Posiadanie wyboru jest przereklamowane. Dlaczego zbyt wiele możliwości może być dla nas szkodliwe?

Zwiększanie możliwości wyboru może skutkować zmniejszeniem naszego zadowolenia z tego co wybieramy. Na logikę: to nie ma sensu, ale wyniki badań przeczą logice.

Posiadanie wyboru jest przereklamowane. Dlaczego zbyt wiele możliwości może być dla nas szkodliwe?

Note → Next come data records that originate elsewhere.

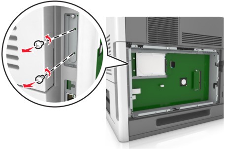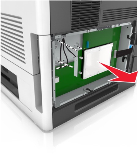 Entfernen Sie die Schrauben, mit denen die Druckerfestplatte befestigt ist.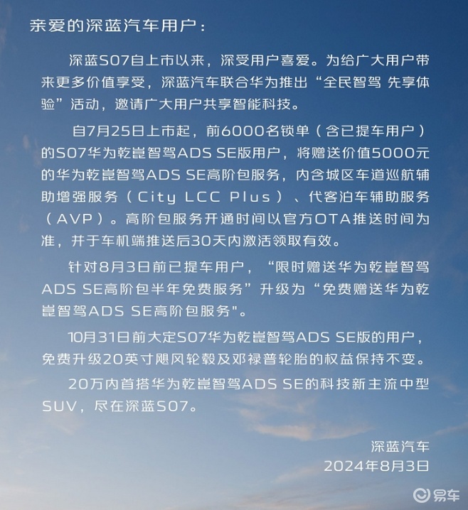 超值入手!深蓝S07权益加码,华为智驾终身免费用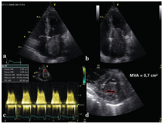 Echocardiographie transthoracique: vues apicales en 4 cavités en systole (A) et en diastole (B) montrant une volumineuse masse auriculaire gauche prolabant dans l’orifice mitral en diastole et réalisant une sténose critique sur le plan hémodynamique (C) et anatomique (D). MVA = surface valvulaire mitrale planimétrée en court axe de la valve.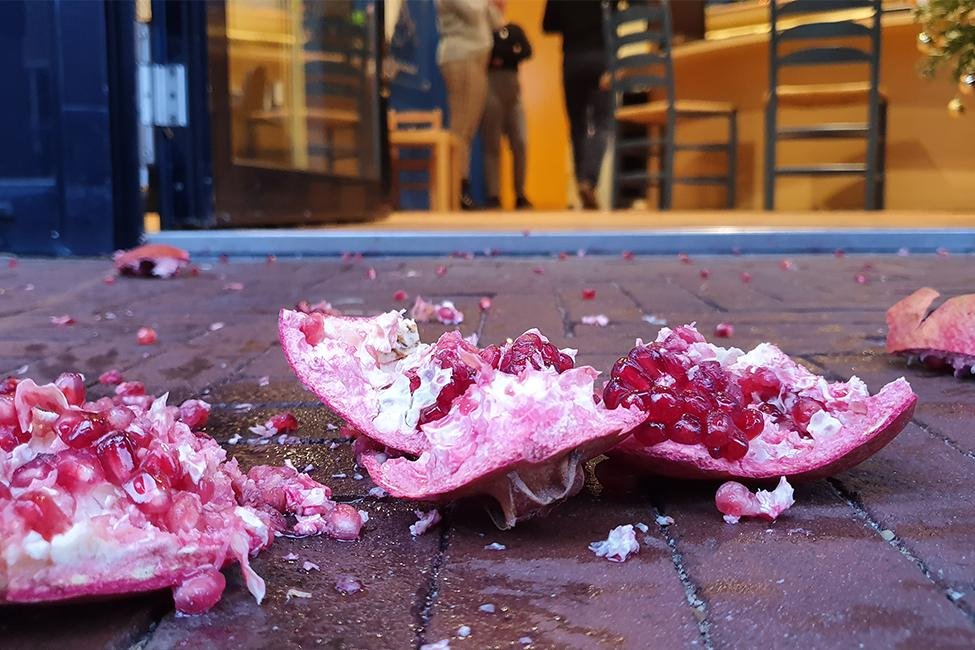 Nauw verbonden met deze nieuwjaarstraditie is ook het stukgooien van een granaatappel voor de deur. De granaatappel staat symbool voor geluk en voorspoed en dit komt terug in de wensen die bij het stukgooien worden uitgesproken. Zo kan bijvoorbeeld het gewicht van de granaatappel als symbool voor een zware portemonnee gezien worden, de vele pitjes voor veel goeds en het rood van de granaatappel voor een warm hart.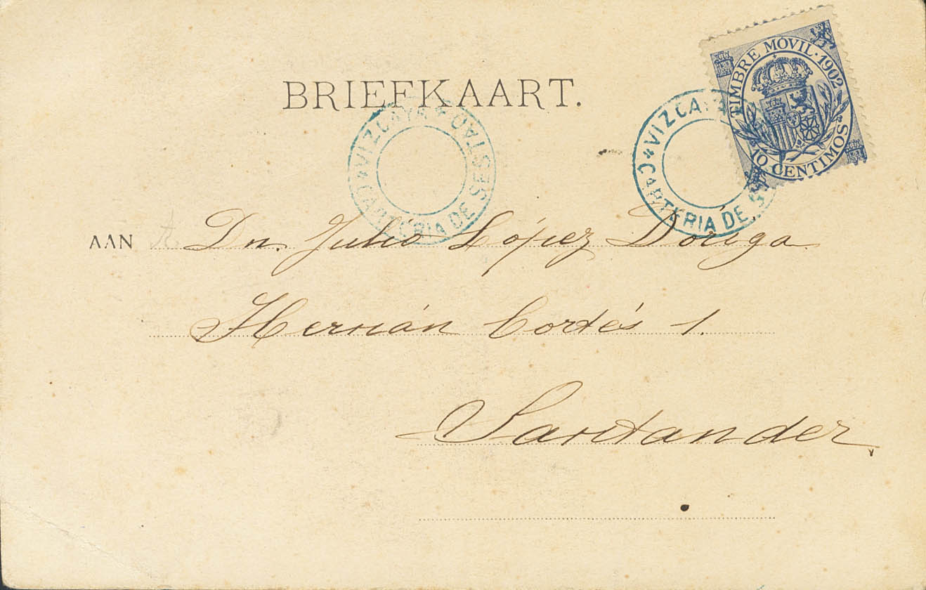 22. (1902ca). 10 cts blue, Mobile Bell (1902). Postcard from SESTAO to SANTANDER. Special postmark CARTERIA DE SESTAO / VIZCAYA (Type II), in blue. MAGNIFICENT AND VERY RARE.

Szukaj podcastu Ekonomia Szczęścia  na: Spotify, YouTube, Google Podcasts, Podbean

Jako ludzie żyjący w bogatych krajach jesteśmy uprzywilejowani. Możemy dokonywać wyboru smaku musztardy, mocy kawy, szczepu i rocznika wina, które wypijemy do obiadu, rodzaju płatków śniadaniowych i koloru koszuli, którą ubierzemy. Wybieramy w co się ubrać, zjeść, jak i kiedy podróżować, gdzie mieszkać, gdzie pracować, do jakiej szkoły posłać dzieci. Wybieramy serial w zależności od tego, czy chcemy by nas rozbawił czy zaintrygował; pokazał życie, w którym inni mają gorzej czy takie jakiego nigdy nie będziemy mieli.

Jesteśmy uprzywilejowani.

Uprzywilejowani i niespokojni, niecierpliwi, rozczarowani, zawiedzeni.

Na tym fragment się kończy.